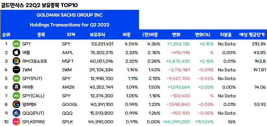 과연 골드만삭스 22Q2 보유종목 TOP10은 무엇일까요?
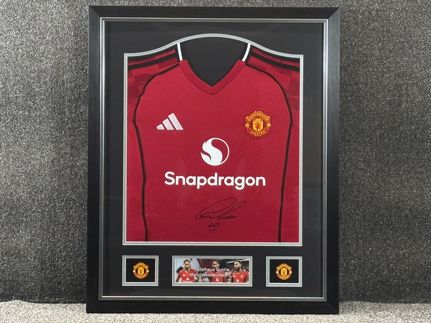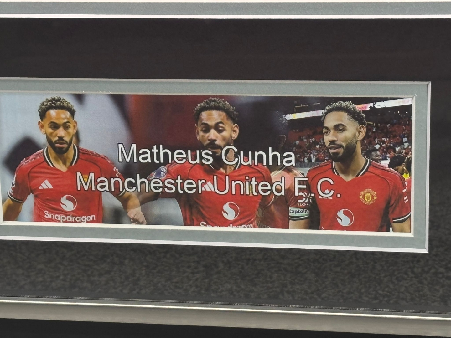 A signed and authenticated Matheus Cunha Man United Football Shirt in a presentation frame. Approx 83cm height, 68cm width.
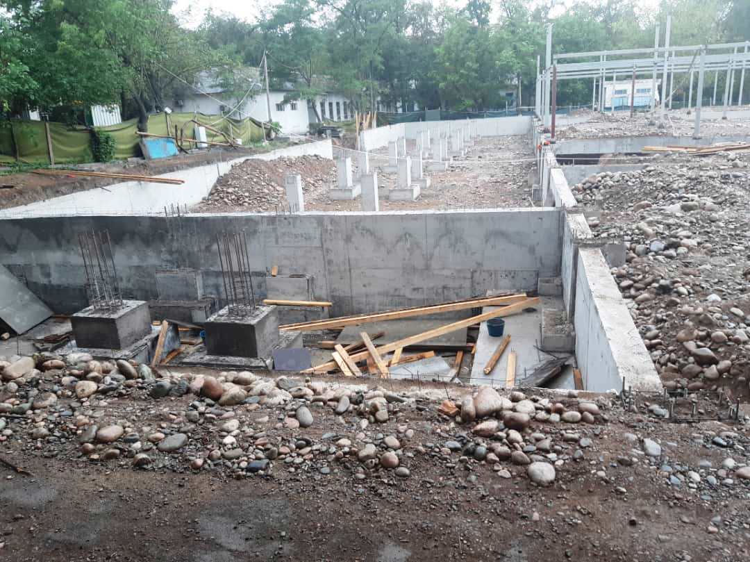 На сегодня завершили фундаменты всех четырех блоков, а также на 90 процентов закончилась работа по обратной засыпке котлованов. Для сварочных и других видов работ по монтажу металлокаркасных конструкций под установку облегченных материалов привлекли 25 специалистов.
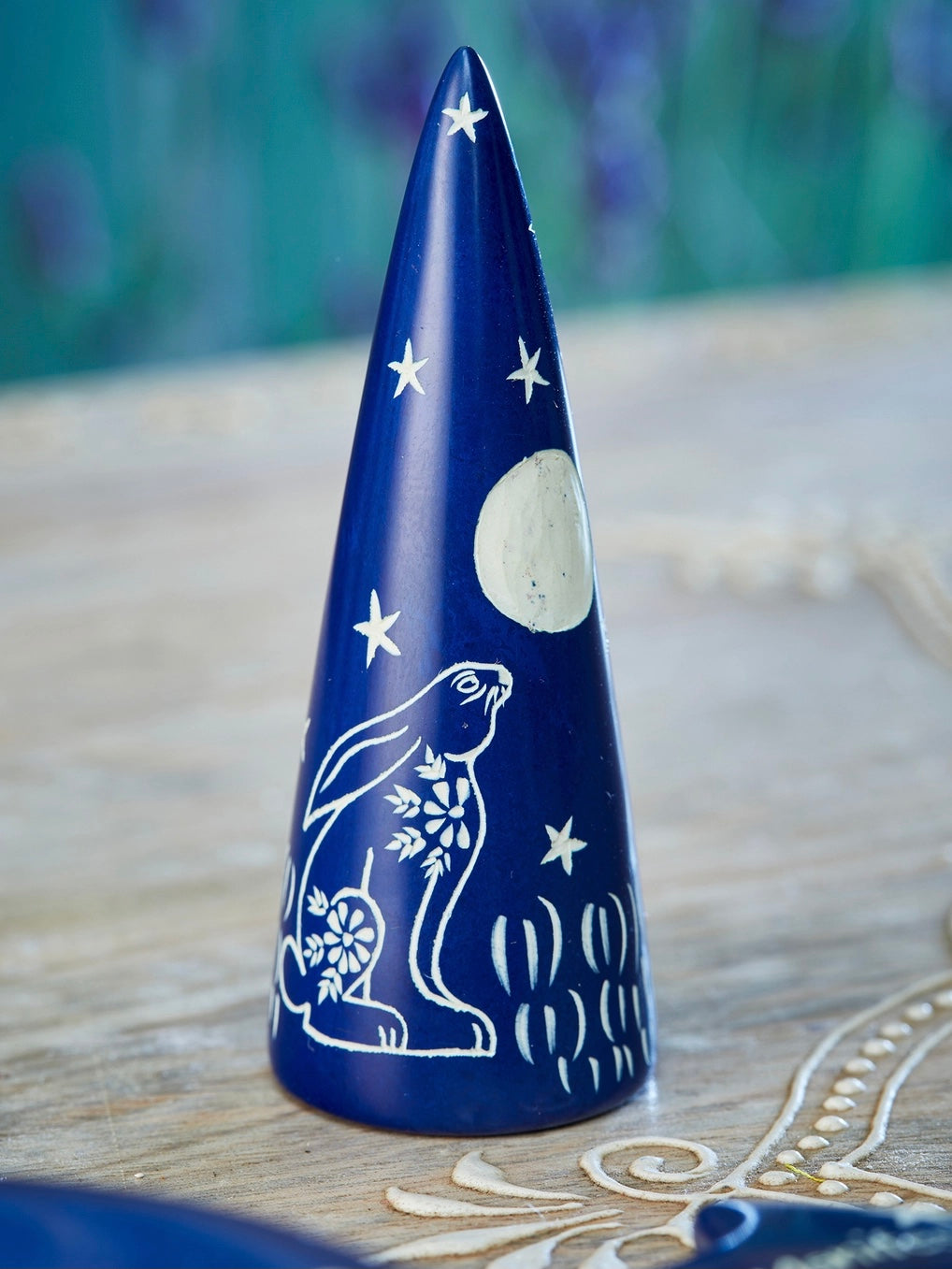 A blue hare moon ring holder, hand carved in cone shaped soapstone with white imagery.
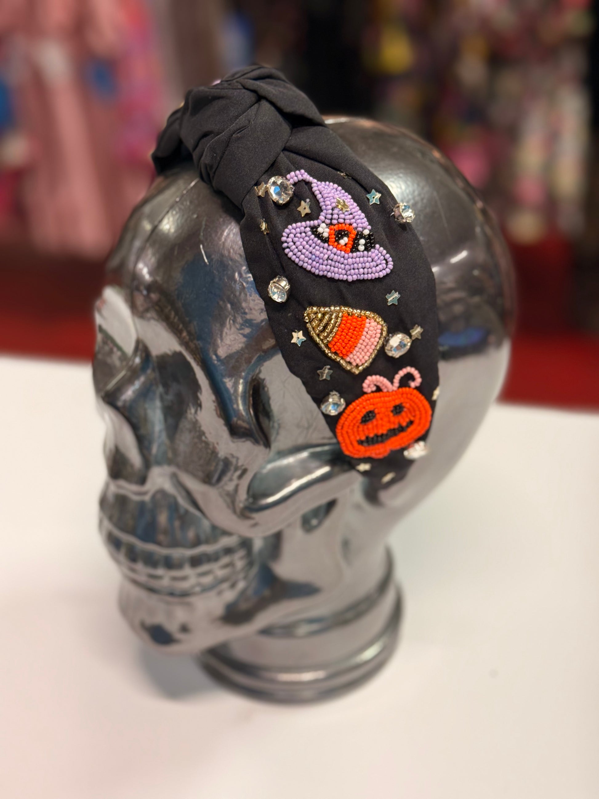 Our ghastly-good Halloween Rhinestone Top Knot Seed Beaded Handmade Headband will bewitch your Halloween style. Meticulously crafted by our accomplished artisans, this 1.25" wide headband is a one-size-fits-all charmer. Beading pattern includes a witch's hat, candy corn, and Jack O'Lantern. Put the finishing touches on your look with beaded earrings and your favorite purse!
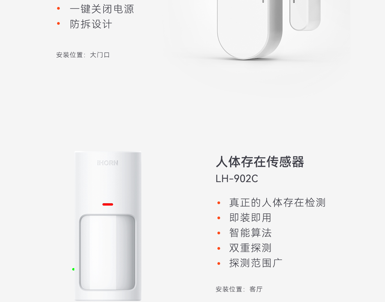 客廳作為老人經(jīng)常活動(dòng)的區(qū)域,存在諸多安全隱患,如煙頭亂丟、電器雜亂放置,同時(shí),老人行動(dòng)不便,易生病、跌倒,在客廳安裝煙霧報(bào)警器、門窗傳感器、人體存在傳感器、拉繩緊急按鈕等,可及時(shí)發(fā)現(xiàn)火災(zāi)等突發(fā)情況,第一時(shí)間處理警情。
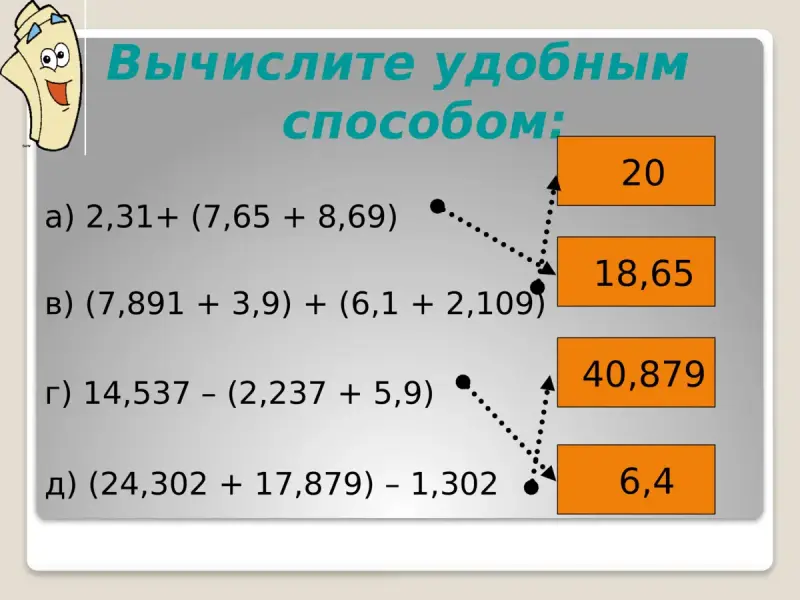 а) 2,31+ (7,65 + 8,69) = (2,31 + 8,69) + 7,65 = 11+7,65 = 18,65;
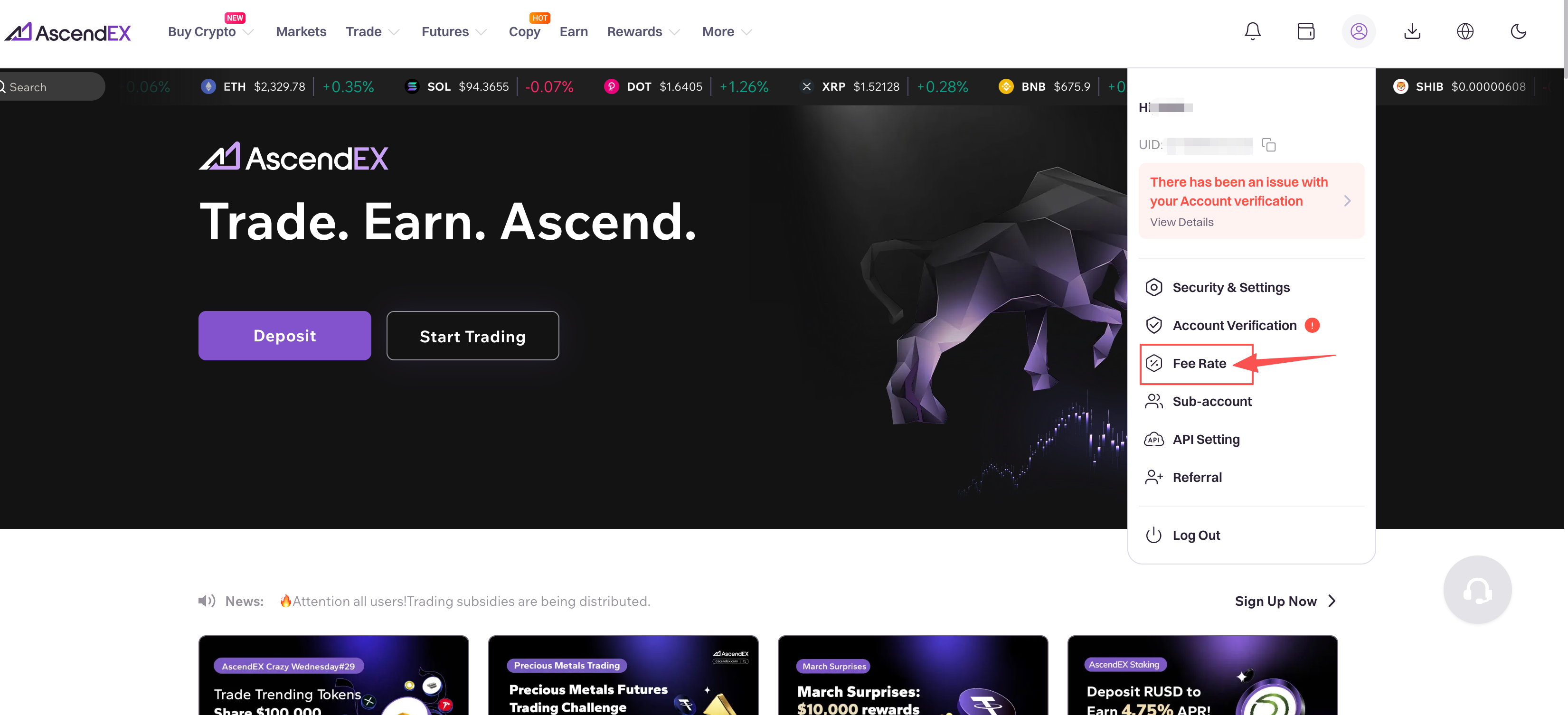 1. Log in to AscendEX website and click on profile icon in the upper right corner of the homepage. Select “Fee Rate” in the dropdown menu.
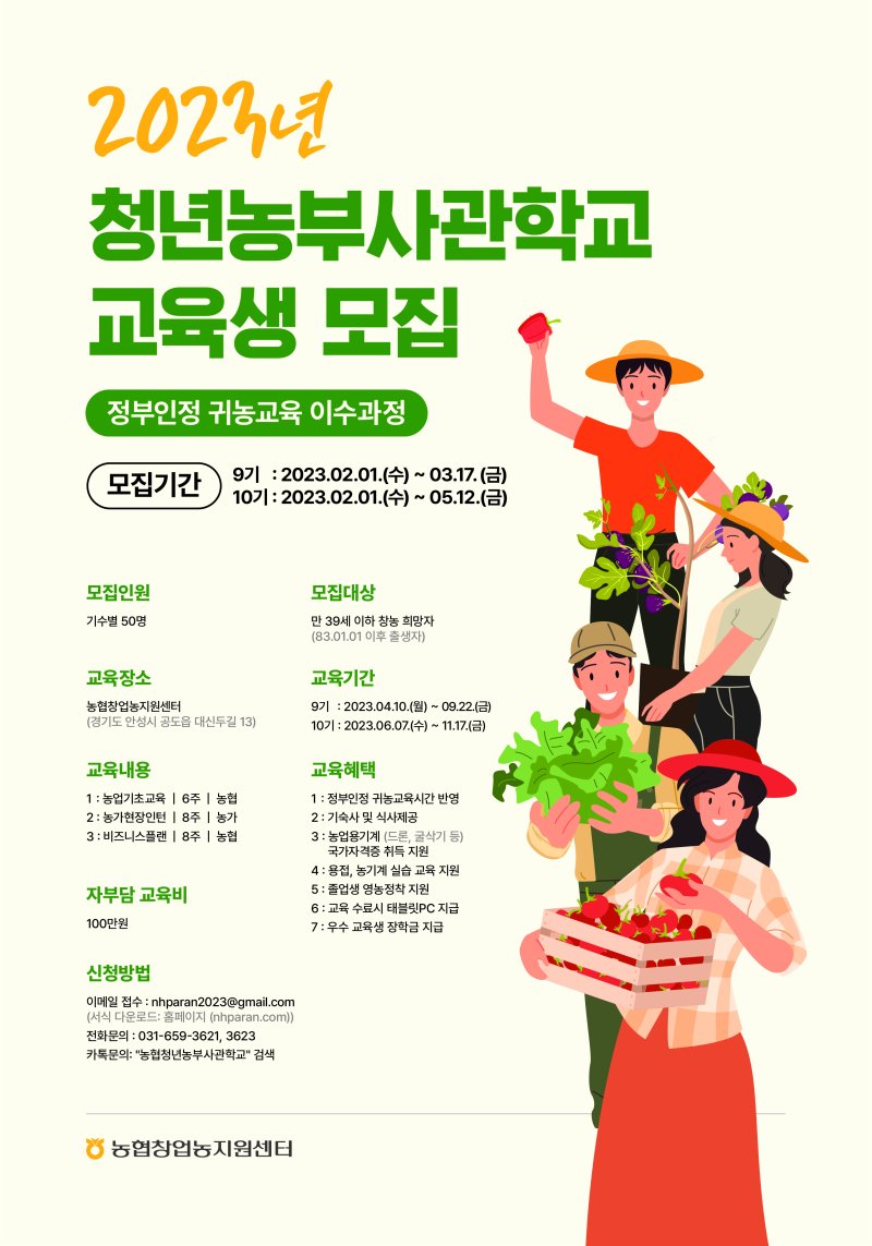 [세종=뉴시스] 박영주 기자 = 농협중앙회는 다음달 1일부터 2023년도 농협청년농부사관학교 제9기·10기 교육생을 모집한다고 31일 밝혔다.
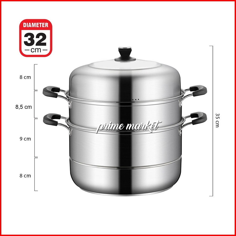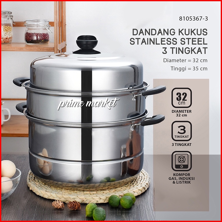 Panci Kukus Dandang Kukus 3 Tingkat Panci Steamer Panci Kukusan Stainless Steel 32 Cm 8105367-3
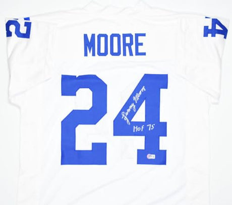 Lenny Moore Autographed White Pro Style Jersey w/HOF-Beckett W Hologram *Silver
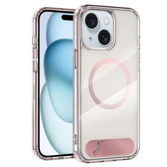 Θήκη τηλεφώνου για iPhone 15, Διάφανη Υβριδική PC TPU με MagSafe και Στήριξη (Ροζ)
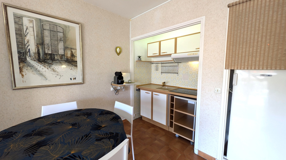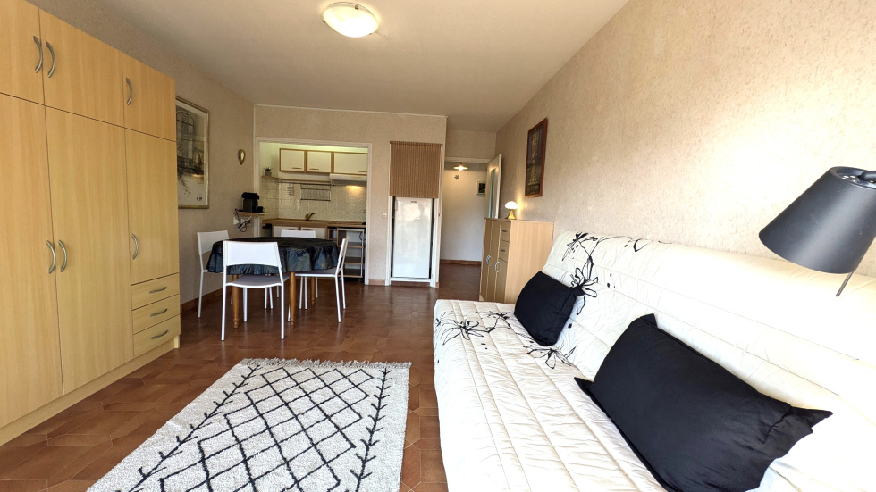 Situation exceptionnelle pour ce spacieux studio, au grand calme et en position dominante, dans une résidence avec ascenseur située à proximité immédiate des commerces et des premières plages.

++++

▸ PROBLEM STATEMENT
Using the data above, copy exactly the lines from the one containing "а) 2,31+ (7,65" to the one containing "1. Log in to", inclusive. Exclude the pictures.

▸ YOUR SOLUTION
 а) 2,31+ (7,65 + 8,69) = (2,31 + 8,69) + 7,65 = 11+7,65 = 18,65;
 1. Log in to AscendEX website and click on profile icon in the upper right corner of the homepage. Select “Fee Rate” in the dropdown menu.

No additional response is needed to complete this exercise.